ThisBuild / organization     := "com.example"
ThisBuild / organizationName := "example"

lazy val root = (project in file("."))
    name := "helloworld",
    libraryDependencies += scalaTest % Test

// gdpr=false ignores the stubs
Compile / PB.targets := Seq(
  scalapb.gen(grpc=false) -> (Compile / sourceManaged).value / "scalapb"

libraryDependencies ++= Seq(
    "io.grpc" % "grpc-netty" % scalapb.compiler.Version.grpcJavaVersion,
    "com.thesamet.scalapb" %% "scalapb-runtime-grpc" % scalapb.compiler.Version.scalapbVersion

libraryDependencies += "com.thesamet.scalapb" %% "scalapb-json4s" % "0.11.1"

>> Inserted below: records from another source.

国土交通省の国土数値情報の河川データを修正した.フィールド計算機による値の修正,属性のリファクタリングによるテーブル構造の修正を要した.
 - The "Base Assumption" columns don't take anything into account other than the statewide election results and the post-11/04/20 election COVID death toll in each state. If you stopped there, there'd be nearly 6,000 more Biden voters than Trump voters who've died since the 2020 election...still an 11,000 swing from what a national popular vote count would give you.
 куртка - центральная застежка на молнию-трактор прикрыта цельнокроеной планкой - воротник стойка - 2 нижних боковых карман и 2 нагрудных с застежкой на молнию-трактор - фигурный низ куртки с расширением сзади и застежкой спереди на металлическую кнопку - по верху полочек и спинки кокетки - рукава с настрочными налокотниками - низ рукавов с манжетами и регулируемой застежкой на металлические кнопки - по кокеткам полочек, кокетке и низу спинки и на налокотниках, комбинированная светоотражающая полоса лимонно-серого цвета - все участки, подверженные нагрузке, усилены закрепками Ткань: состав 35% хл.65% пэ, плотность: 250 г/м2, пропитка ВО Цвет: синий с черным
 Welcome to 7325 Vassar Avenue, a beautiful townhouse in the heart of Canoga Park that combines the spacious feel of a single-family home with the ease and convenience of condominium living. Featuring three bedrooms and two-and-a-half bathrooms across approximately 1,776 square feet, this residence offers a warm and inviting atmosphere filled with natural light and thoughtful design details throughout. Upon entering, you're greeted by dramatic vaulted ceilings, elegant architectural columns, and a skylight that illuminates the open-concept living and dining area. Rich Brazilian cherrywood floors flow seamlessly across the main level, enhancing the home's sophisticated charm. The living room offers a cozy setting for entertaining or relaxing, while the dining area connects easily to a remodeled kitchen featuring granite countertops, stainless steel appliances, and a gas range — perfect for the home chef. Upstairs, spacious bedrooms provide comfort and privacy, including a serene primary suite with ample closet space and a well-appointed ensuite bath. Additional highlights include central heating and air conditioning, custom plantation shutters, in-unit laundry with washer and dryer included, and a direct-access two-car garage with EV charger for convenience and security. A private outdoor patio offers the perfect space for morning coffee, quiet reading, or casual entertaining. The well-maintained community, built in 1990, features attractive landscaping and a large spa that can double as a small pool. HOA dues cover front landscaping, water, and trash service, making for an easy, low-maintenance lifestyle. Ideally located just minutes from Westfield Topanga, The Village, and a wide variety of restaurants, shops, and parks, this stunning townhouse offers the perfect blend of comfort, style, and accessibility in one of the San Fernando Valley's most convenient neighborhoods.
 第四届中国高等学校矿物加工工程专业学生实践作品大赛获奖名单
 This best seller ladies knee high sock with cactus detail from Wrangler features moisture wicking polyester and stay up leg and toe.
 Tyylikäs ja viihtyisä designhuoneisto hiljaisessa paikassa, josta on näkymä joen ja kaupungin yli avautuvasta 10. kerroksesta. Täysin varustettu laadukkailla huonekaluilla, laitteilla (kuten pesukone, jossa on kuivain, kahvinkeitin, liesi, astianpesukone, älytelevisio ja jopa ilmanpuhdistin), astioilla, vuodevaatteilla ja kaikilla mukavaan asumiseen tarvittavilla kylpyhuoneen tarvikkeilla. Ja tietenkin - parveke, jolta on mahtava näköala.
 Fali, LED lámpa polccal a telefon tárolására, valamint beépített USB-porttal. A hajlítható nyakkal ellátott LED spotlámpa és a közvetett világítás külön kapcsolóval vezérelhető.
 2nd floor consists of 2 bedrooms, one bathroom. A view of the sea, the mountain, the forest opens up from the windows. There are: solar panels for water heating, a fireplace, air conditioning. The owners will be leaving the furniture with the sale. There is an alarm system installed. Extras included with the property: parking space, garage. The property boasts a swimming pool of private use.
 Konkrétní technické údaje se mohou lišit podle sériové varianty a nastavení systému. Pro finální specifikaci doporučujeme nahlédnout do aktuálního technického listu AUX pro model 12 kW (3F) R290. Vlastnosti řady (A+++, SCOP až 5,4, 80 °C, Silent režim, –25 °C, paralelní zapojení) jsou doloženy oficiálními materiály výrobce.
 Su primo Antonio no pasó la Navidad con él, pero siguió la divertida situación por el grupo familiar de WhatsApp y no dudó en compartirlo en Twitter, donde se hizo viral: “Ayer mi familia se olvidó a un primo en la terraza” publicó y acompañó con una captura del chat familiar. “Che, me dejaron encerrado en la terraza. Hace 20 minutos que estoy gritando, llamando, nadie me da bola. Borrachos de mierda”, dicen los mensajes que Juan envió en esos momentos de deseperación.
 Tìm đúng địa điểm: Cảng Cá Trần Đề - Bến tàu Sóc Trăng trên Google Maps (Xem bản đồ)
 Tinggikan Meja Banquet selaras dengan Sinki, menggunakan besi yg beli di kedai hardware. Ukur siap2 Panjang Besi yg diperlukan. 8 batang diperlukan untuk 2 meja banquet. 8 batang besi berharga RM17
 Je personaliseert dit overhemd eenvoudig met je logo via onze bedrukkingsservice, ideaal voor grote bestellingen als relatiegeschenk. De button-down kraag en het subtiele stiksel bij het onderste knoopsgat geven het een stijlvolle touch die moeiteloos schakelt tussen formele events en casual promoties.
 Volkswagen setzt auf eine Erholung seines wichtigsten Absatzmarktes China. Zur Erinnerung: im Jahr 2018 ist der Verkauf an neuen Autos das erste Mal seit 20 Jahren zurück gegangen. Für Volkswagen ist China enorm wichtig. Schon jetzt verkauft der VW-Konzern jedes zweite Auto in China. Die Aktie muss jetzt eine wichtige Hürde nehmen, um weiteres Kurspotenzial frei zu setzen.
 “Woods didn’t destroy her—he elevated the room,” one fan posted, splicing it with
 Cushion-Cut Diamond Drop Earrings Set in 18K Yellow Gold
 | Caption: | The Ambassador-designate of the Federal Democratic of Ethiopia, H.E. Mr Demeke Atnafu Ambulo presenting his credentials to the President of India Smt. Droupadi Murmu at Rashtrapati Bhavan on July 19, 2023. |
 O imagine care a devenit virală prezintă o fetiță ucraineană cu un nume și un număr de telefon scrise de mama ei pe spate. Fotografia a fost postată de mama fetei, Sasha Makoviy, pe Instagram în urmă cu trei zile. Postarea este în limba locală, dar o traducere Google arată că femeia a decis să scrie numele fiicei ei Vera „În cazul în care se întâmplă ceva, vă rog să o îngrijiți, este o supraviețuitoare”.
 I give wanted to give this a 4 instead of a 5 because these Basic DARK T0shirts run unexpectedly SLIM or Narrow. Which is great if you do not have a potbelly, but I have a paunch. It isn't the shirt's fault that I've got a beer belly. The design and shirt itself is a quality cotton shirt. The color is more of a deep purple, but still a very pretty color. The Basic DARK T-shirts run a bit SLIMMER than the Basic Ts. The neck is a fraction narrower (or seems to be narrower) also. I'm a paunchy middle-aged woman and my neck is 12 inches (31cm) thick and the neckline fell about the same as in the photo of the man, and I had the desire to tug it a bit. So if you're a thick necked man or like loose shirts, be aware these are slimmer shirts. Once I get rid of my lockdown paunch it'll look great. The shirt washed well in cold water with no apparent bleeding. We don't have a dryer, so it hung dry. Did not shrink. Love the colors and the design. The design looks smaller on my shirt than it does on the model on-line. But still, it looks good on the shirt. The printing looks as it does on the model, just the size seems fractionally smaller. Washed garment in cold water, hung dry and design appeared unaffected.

The files in ./src/main/scala/example contain:

  • sample.scala - a b64-encoded binary message in a string called sample_str
  • gzip.scala - an object Gzip with a method decompress. It decompresses a gzip.
  • b64_to_json.scala - Check the code below

b64_to_json.scala code below:

package example

import example.Sample.sample_str
import <hidden>.my_proto_definition.Msg
import scalapb.json4s.JsonFormat
import java.util.Base64
import example.Gzip.decompress

object b64_to_json {
     def to_json( a:String = sample_str) : String = {

        val decoded_temp: Array[Byte] = Base64.getDecoder().decode(a)
        val decoded: Array[Byte] = decoded_temp.slice(1, decoded_temp.length)
        val decompressed: Array[Byte] = decompress(decoded)
        val parsed: Msg = Msg.parseFrom(decompressed)
        val r: String = JsonFormat.toJsonString(parsed)
        return r

When I run the code with sbt console, I can import the scalapb.json4s.JsonFormat fine. I am able to convert the b64-encoded message into JSON.

But when I install the packaged JAR file (target/scala-2.12/helloworld_2.12-0.1.0-SNAPSHOT.jar) to a cluster running in Databricks,trying to import anything from scalapb gives an error message:

error: object json4s is not a member of package scalapb

What am I understanding wrong from how Scala/sbt solves the dependencies? I tried reading the Scala Docs, sbt docs and the O’Reilly book Programming Scala (2nd ed), but I just can’t seem to figure out what needs to be added and where. Calling the sbt dependencyTree outputs a tree that includes the com.thesamet.scalapb.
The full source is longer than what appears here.